START Data shown
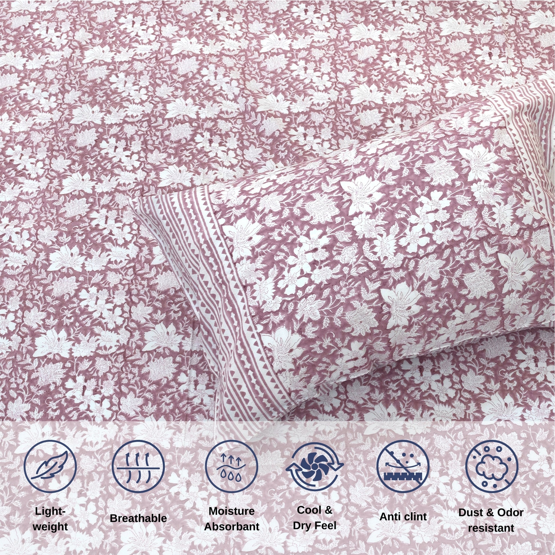 Hand Block Printed Bedsheet | Bed Spread Flatsheet Bed Sheet | Pure Cotton | King 108"x108" | Qeen 90"x108" | Single 60"x90" | 300 TC Pure Cotton | 2 Reversible Pillow Covers |N Pink Kalamkari
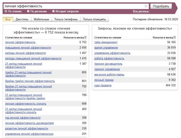 1. Статистика поисковых запросов. Используйте Яндекс.Вордстат и проверьте запросы, который имеет отношение к вашей нише.
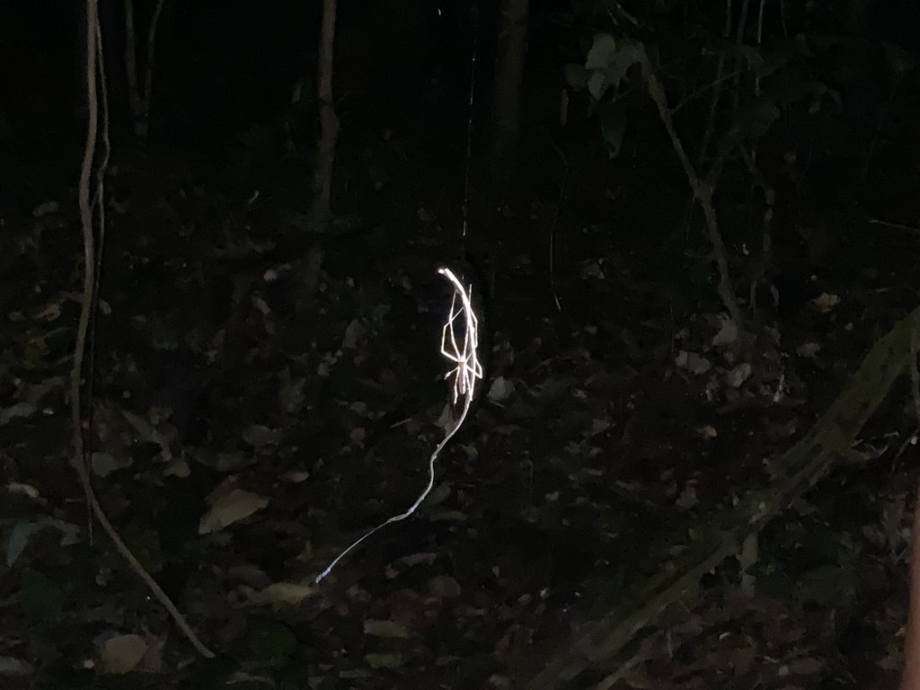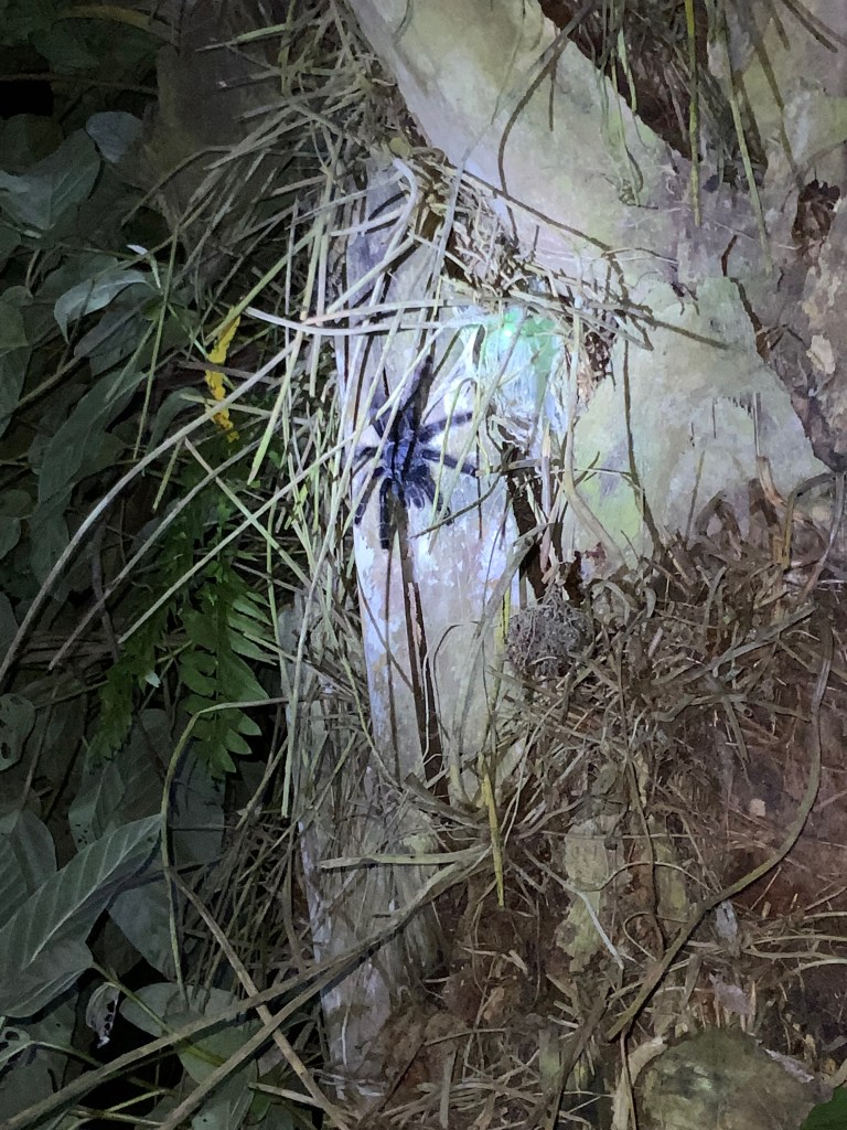 As the sun started to set, we went for a walk in the jungle and saw spiders, tarantulas and heard lots of noises.
END Data shown
▶ **Task goal**: Print the data word for word and omit the pictures.

▶ **Answer box**:
 Hand Block Printed Bedsheet | Bed Spread Flatsheet Bed Sheet | Pure Cotton | King 108"x108" | Qeen 90"x108" | Single 60"x90" | 300 TC Pure Cotton | 2 Reversible Pillow Covers |N Pink Kalamkari
 1. Статистика поисковых запросов. Используйте Яндекс.Вордстат и проверьте запросы, который имеет отношение к вашей нише.
 As the sun started to set, we went for a walk in the jungle and saw spiders, tarantulas and heard lots of noises.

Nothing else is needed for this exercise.